Activity: Using the data that follows, give again word for word the lines between the one holding "Nach ersten Untersuchungen" and the one holding "Flag of Argentina", inclusive. Omit the pictures.

Source material:
┌────────

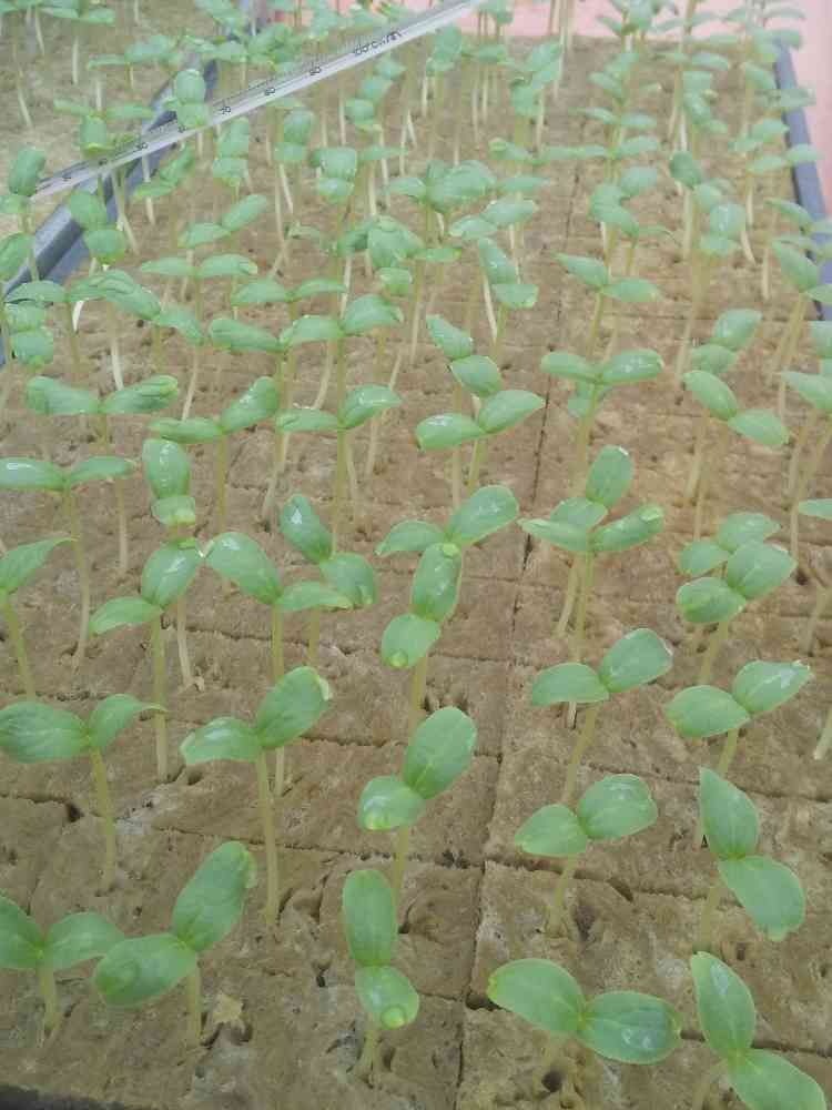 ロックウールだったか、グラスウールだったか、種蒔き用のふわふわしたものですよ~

└────────
┌────────

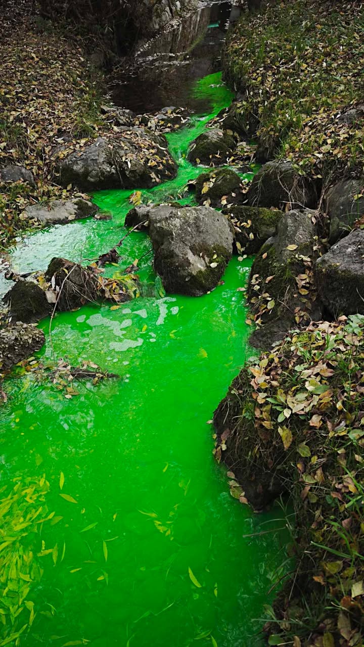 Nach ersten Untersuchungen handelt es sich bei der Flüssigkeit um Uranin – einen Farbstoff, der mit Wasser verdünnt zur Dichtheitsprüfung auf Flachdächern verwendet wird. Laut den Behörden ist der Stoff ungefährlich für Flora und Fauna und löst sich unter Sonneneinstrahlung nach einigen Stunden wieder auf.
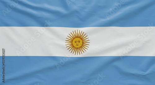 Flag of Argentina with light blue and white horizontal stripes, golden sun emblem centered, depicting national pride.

└────────

Solution for this task:
 Nach ersten Untersuchungen handelt es sich bei der Flüssigkeit um Uranin – einen Farbstoff, der mit Wasser verdünnt zur Dichtheitsprüfung auf Flachdächern verwendet wird. Laut den Behörden ist der Stoff ungefährlich für Flora und Fauna und löst sich unter Sonneneinstrahlung nach einigen Stunden wieder auf.
 Flag of Argentina with light blue and white horizontal stripes, golden sun emblem centered, depicting national pride.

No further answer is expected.